# [Prompt]
The output should match, line for line, the records from the line containing "ضوء دقيق مدمج." through the line containing "プラダ ブレスレット 1IB350", with every picture left out.

··· Data ···

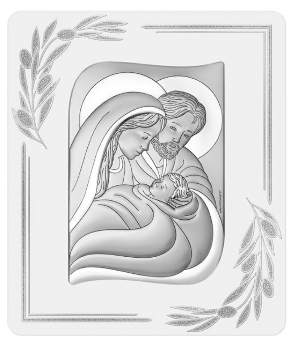 Nasz sklep oferuje szeroki wybór srebrnych pamiątek, nawiązujących do tradycji chrześcijańskiej i związanej z nią obrzędów i sakramentów. Nasz asortyment obejmuje m.in. obrazy, które przedstawiają wizerunek Świętej Rodziny, będącej symbolem rodzinnego ciepła, miłości i wzajemnego szacunku. Srebrny obrazek przedstawiający kochającą rodzinę: Maryję, Józefa i Dzieciątko Jezus to idealny prezent dla nowożeńców, z okazji rozpoczęcia nowej drogi życia, ofiarowany najczęściej przez rodziców bądź chrzestnych.
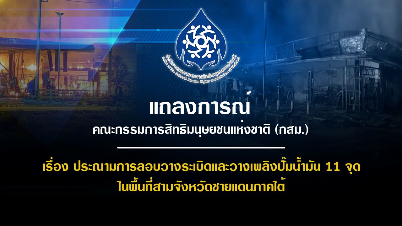แถลงการณ์คณะกรรมการสิทธิมนุษยชนแห่งชาติ (กสม.) เรื่อง ประณามการลอบวางระเบิดและวางเพลิงปั๊มน้ำมัน 11 จุด ในพื้นที่สามจังหวัดชายแดนภาคใต้
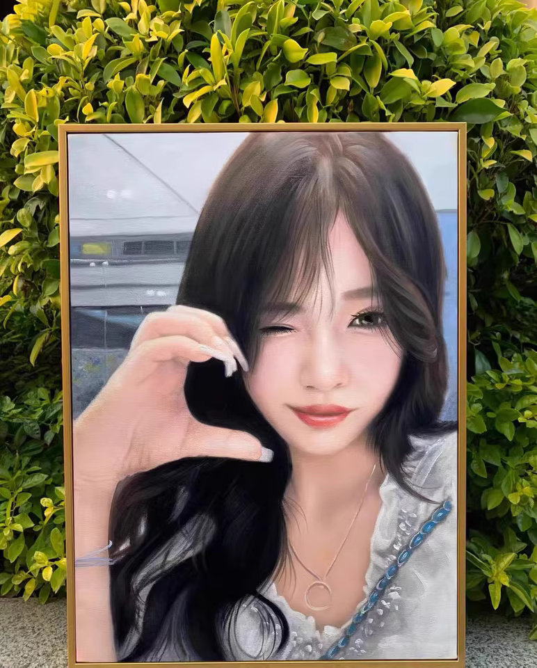 The quality of this custom oil painting from photo is breathtaking. The artist captured the joyful expression and the vibrant colors of the bouquet perfectly. It is a stunning personalized portrait.
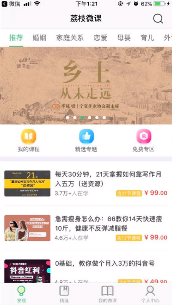 3.中間以三個圖標(biāo)按鈕表示我的課程,精選專題,免費(fèi)專區(qū)快捷入口方便用戶來回 切換;
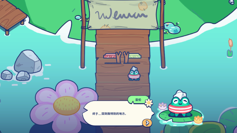 2、小青蛙亚伦有一个梦想:把他的池塘变成世界上最美的豪华露营地,但他却不擅长与人相处。你能帮助他吗?
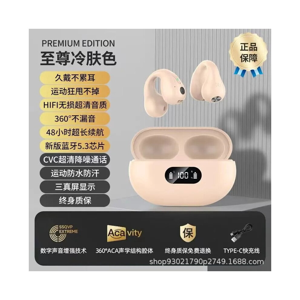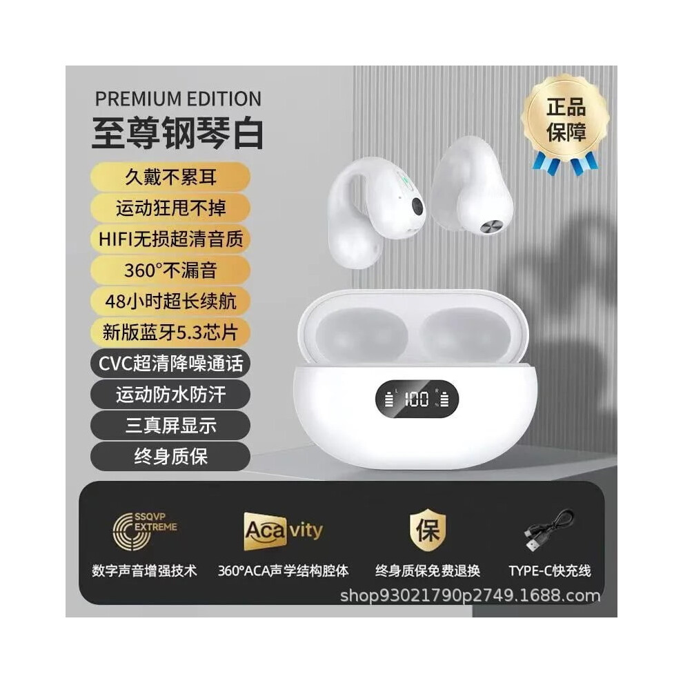 Non-in-ear clip-on earphones, bone conduction wireless Bluetooth earphones, ultra-long battery life, smart digital display
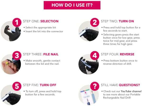 ضوء دقيق مدمج. لا يسخن بشكل زائد. وظائف أمامية وعكسية. سرعة عالية + اهتزازات منخفضة. للأظافر الصناعية والطبيعية.
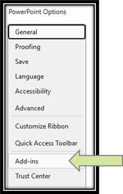 Open PowerPoint and go to Options and then Add Ins
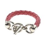 プラダ ブレスレット 1IB350 ピンク ゴールド金具 レザー メタル 中古 アクセサリー トライアングルロゴ 編み込み
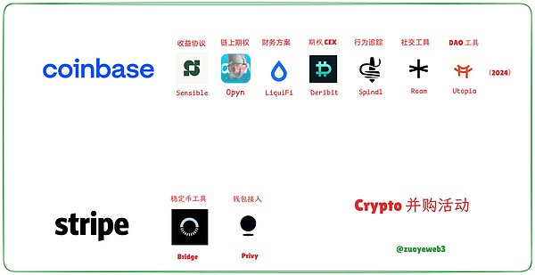 بجانب التمويل، بدأت العلامات التجارية في الصناعة أيضًا بالتشابك مع بعضها البعض، مما يتجلى في دورة الاستحواذ 2024-2025، حيث استحوذت Coinbase على Deribit لتكمل سوق الخيارات، واستحوذت Phantom على أداة المحفظة Bitski، ومنتجات الأمان Blowfish وأداة التداول SolSniper، وحتى Stripe تستحوذ على خدمة المحفظة Privy وأداة العملات المستقرة Bridge.
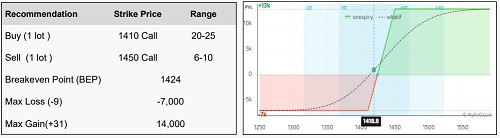 * Range : The OI profile suggests a short-term trading range most likely between 1380 (Strong Support) and 1500 (Strong Resistance).
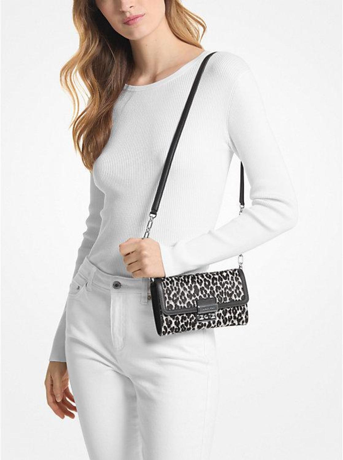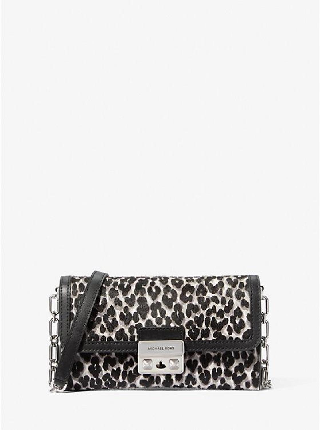 Tribeca Large Leopard Print Calf Hair Convertible Crossbody Bag

···

# [Task response]
 ضوء دقيق مدمج. لا يسخن بشكل زائد. وظائف أمامية وعكسية. سرعة عالية + اهتزازات منخفضة. للأظافر الصناعية والطبيعية.
 Open PowerPoint and go to Options and then Add Ins
 プラダ ブレスレット 1IB350 ピンク ゴールド金具 レザー メタル 中古 アクセサリー トライアングルロゴ 編み込み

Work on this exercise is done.